TL;DR
Hugging Face reports successful alignment of vLLM V1 with V0 in terms of backend behavior, fixing key issues in logprobs, runtime defaults, and weight updates. This ensures accurate RL training metrics before further objective changes.
Hugging Face has confirmed that vLLM V1 now matches the behavior of vLLM V0 in reinforcement learning workflows after addressing four critical backend issues, prior to implementing any changes to the RL objective.
The company identified and fixed four primary issues: the processing of rollout logprobs, runtime default settings, inflight weight update handling, and the use of an fp32 lm_head for the final projection. These fixes eliminated discrepancies in key metrics such as clip rate, KL divergence, entropy, and reward, which initially diverged during V1 testing.
Initially, vLLM V1 returned raw model output logprobs, which did not match the processed distribution expected by the trainer, leading to training metric deviations. By setting logprobs-mode=processed_logprobs, the team aligned the logprobs output with expectations. Additionally, they standardized runtime defaults, such as disabling prefix caching and async scheduling, which previously caused inconsistencies.
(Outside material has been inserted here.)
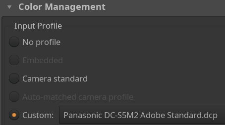For Panasonic Panasonic DC-S5M2, “Panasonic DC-S5M2 Camera Standard.dcp” is appropriate. Camera-specific DCP profiles also include Panasonic’s “Photo Style” emulation profiles.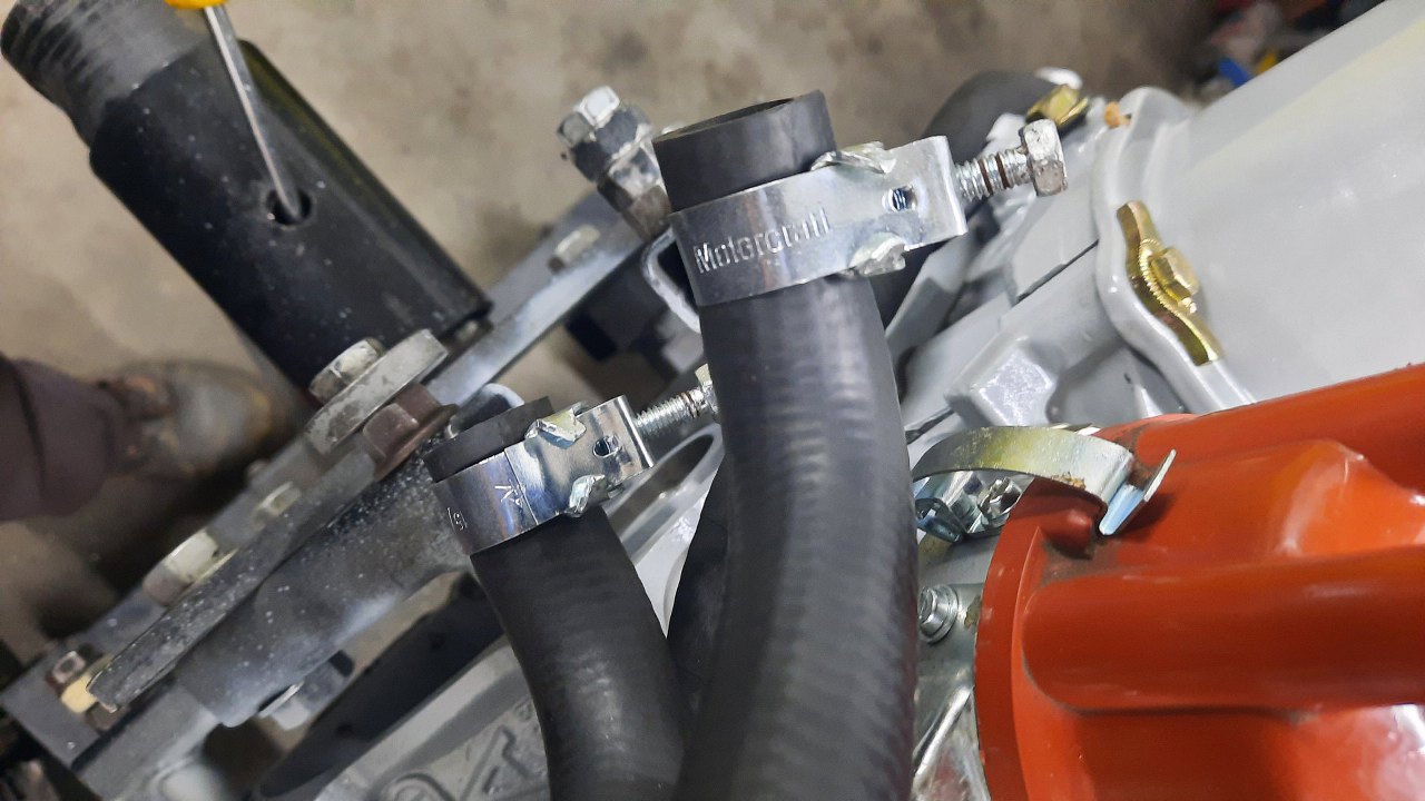 Rurki prowadzą na tył silnika, w tej okolicy podłączone są do nagrzewnicy. Widać też, przy okazji, przykręcone mocowanie linki gazu.

Weight update synchronization was also refined to mirror V0 behavior, avoiding cache reuse issues during online RL updates.
Why It Matters
This development is significant because it ensures the integrity of reinforcement learning training processes that depend on accurate logprobs and consistent inference behavior. Correct backend behavior is critical to reliable policy updates, and these fixes prevent training instability caused by mismatched metrics. The focus on correctness prior to objective modifications lays a stable foundation for future model improvements.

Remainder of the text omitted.